If you're running Windows it's worthwhile turning on ClearType now that you've got an LCD monitor. Fire up IE and head over to:

http://www.microsoft.com/typography/cleartype/tuner/Step1.aspx

And it'll help you tune the font anti-aliasing to your LCD and your particular preferences.


----------



## Schenkerguy (Jul 12, 2008)

Haha, me too! I used this huge 20" crt monitor, and I would loop the section I wanted to record, start it, and turn off the monitor to not get buzz, then I got an LCD and my world changed! :rockon2:


----------



## devnulljp (Mar 18, 2008)

Not only that, the conditons of my eyes improved after I stopped using CRTs. Don't wear glasses any more and no longer get redeye. CRTs are the devil.


----------



## mhammer (Nov 30, 2007)

I have been using a nice IBM 19" CRT for a while now. Partly because I got it relatively cheap, partly because it has a great picture that is music to my eyes after spending all day on the LCD one in my work office, and partly because creating yet more e-waste does not sit well with me.

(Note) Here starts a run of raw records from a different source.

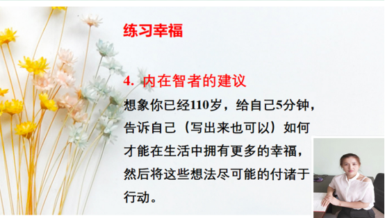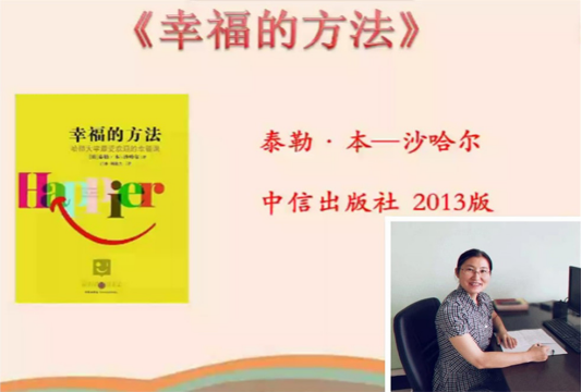 肖震老师从这本书的影响力、幸福的界定、幸福的存在形式以及提升幸福感的具体练习等方面对书目进行解读,使各位教师产生思想共鸣。并且,提示大家在日常的工作生活中懂得感受幸福、表达感恩、珍惜身边的幸福。最后,以“不要因为走得太远而忘记为什么出发,更不要因为走得太急而迷失了方向。”结束了对这本书的分享。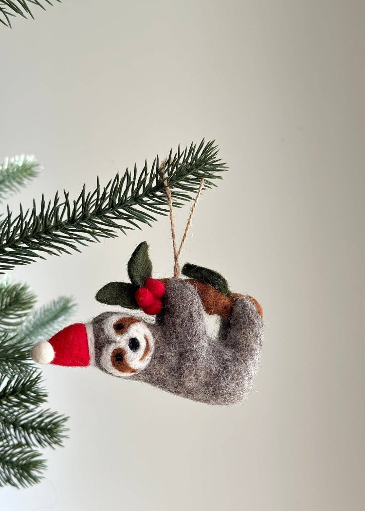 Introducing the Christmas Sloth Felt Ornament, a delightful addition to your holiday collection. Featuring an adorable sloth donning a Santa hat and holding a festive tree adorned with holly, this ornament brings a touch of endearing charm to your décor.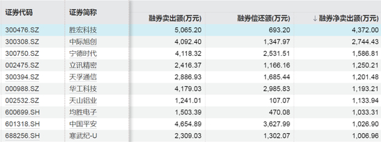 上周融券净卖出额居前的股票为胜宏科技、中际旭创、宁德时代,净卖出金额分别为4372万元、2744.43万元、1586.81万元。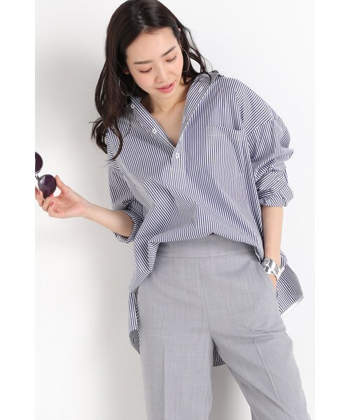 シャツの中で体が泳ぐようなビッグシルエットが可愛い。すっぽりとかぶるプルオーバータイプのシャツは、胸元を大きく開けて大胆に着ていただくと、今年らしいシルエットになります。きれいめボトムとの相性もよいので、デイリーで着回しができそう。モデルサイズ:身長:165cm バスト:80cm ウェスト:58cm ヒップ:85cm 着用サイズ:フリー

The temptation to go LCD is great though because it would not only be quieter, but it would free up SO much bench space. In my case, switching monitor types would not be a complete panacea for noise-free recording; I also have two fluorescent fixtures in my workshop.


----------



## Apostrophe (') (Dec 30, 2007)

mhammer said:


> The temptation to go LCD is great though because it would not only be quieter, but *it would free up SO much bench space*.


That was the biggest benefit to me, but my desk is on the small side. My keyboard would actually hang slightly over the edge of the desk with the CRT pig on board, now it's a good 3 inches away.


----------